ISIL leader in Afghanistan 'killed in US raid'

Pentagon says Abu Sayed was killed earlier this week in an attack on his headquarters in Kunar province.

    Two of Abu Sayed's predecessors were also killed in attacks by the US military in Afghanistan [File: Reuters]
    Two of Abu Sayed's predecessors were also killed in attacks by the US military in Afghanistan [File: Reuters]

    The head of ISIL in Afghanistan, Abu Sayed, was killed in an attack on his headquarters in Kunar province earlier this week, the Pentagon said on Friday.

    Spokeswoman Dana White said in a statement on Friday that other members of the Islamic State of Iraq and the Levant (ISIL, known as ISIS) were killed in the raid on Tuesday.

    "US forces killed Abu Sayed, the emir of Islamic State of Iraq and Syria - Khorasan Province (ISIS-K) - in a strike on the group's headquarters in Kunar Province, Afghanistan, July 11," White said in the statement, referring to ISIL's other acronym.

    "The raid also killed other ISIS-K members and will significantly disrupt the terror group's plans to expand its presence in Afghanistan."

    Sayed is the third ISIL leader in Afghanistan to be killed since July 2016.

    Sayed had led the group since late April after the previous leader, Abdul Hasib, had been killed by US forces.
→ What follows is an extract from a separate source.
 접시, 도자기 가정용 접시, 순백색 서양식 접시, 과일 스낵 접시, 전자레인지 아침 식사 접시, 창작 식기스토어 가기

Hasib's predecessor Hafiz Sayed Khan was also killed by US forces.

    READ MORE: Is the military strategy in Afghanistan flawed?

    The US military had said Hasib's death would "help reach our goal of destroying them in 2017."
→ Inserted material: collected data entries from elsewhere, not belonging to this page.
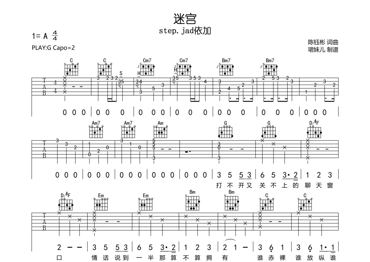 step.jad依加《迷宫》吉他谱 - G调弹唱六线谱
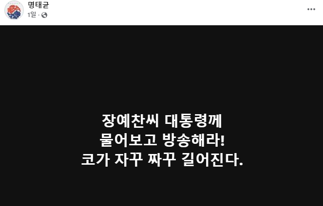 "장예찬씨, 대통령에게 물어보고 방송해라"
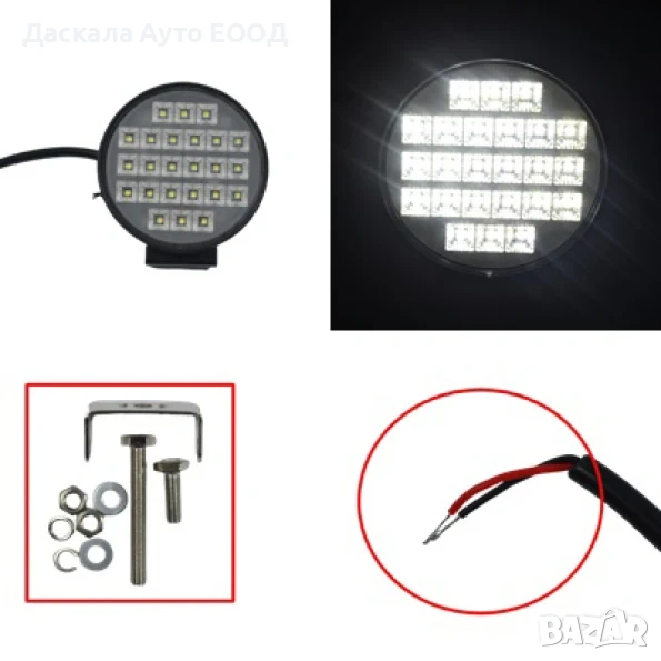 LED работна лампа, фар, кръгъл, 24W, 12/24V, с on/off ключ
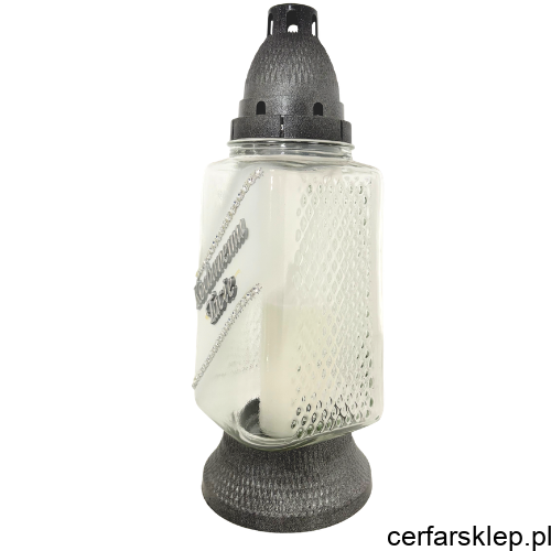 Elegancki i pełen blasku znicz szklany, stworzony z myślą o upamiętnieniu najbliższej osoby. Połączenie klasycznej formy z nowoczesnymi, lśniącymi zdobieniami sprawia, że prezentuje się on wyjątkowo godnie na każdym nagrobku.
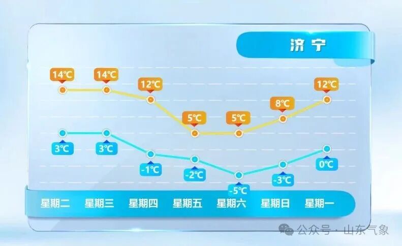 10日夜间到13日山东省气温持续下降 ,最低气温降温幅度8℃左右,14日早晨气温降至最低,鲁西北和鲁中山区-10~-8℃,沿海地区-4~-1℃,其他地区-7~-5℃。
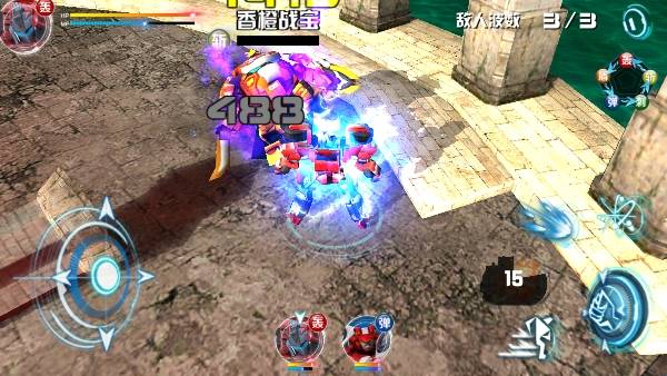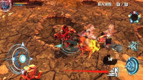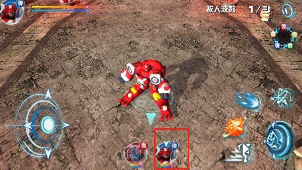 2、第一关,左边的轮盘可控制方向,右边的是攻击键,在右上一点的是变身键按钮。
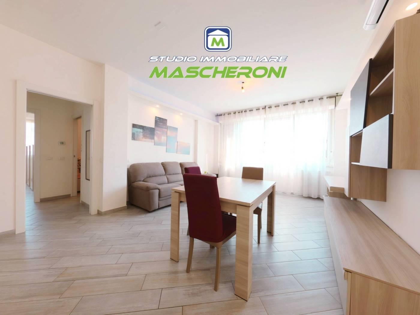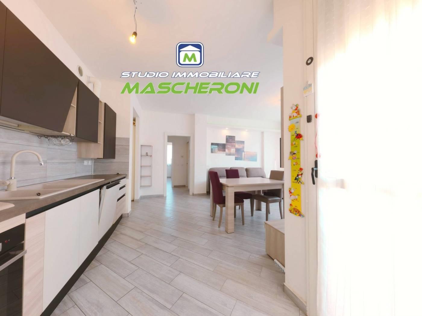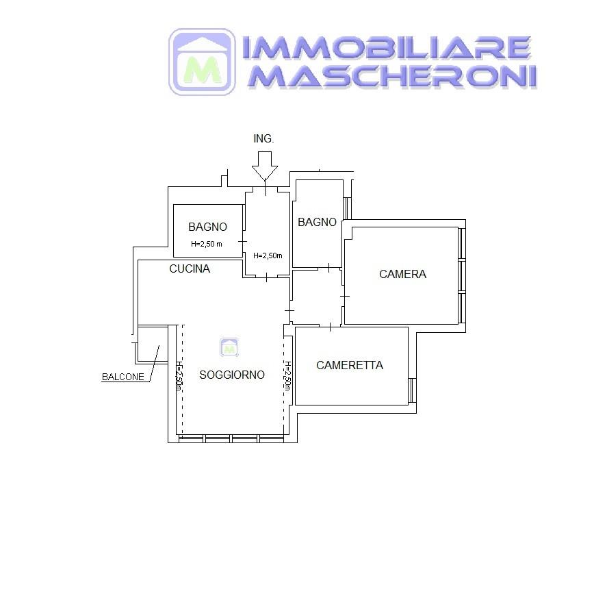 ingresso, soggiorno con cucina a vista e balconcino, disimpegno, camera matrimoniale, cameretta e doppi servizi (uno con vasca e l'altro con box doccia doppio).

    The compound used by Hasib in Nangarhar province was not far from the spot where on April 13, the US military dropped the largest non-nuclear bomb it has ever used in combat, hitting ISIL positions.

    The deployment of the so-called Mother Of All Bombs (MOAB) killed at least 95 fighters, according to the Afghan defence ministry, but fighting in the area has continued.

    ISIL established a presence in Afghanistan in 2015 and overran large parts of Nangarhar and Kunar provinces, near the Pakistan border.

    However, their part in the Afghan conflict had been largely overshadowed by the operations against the Taliban.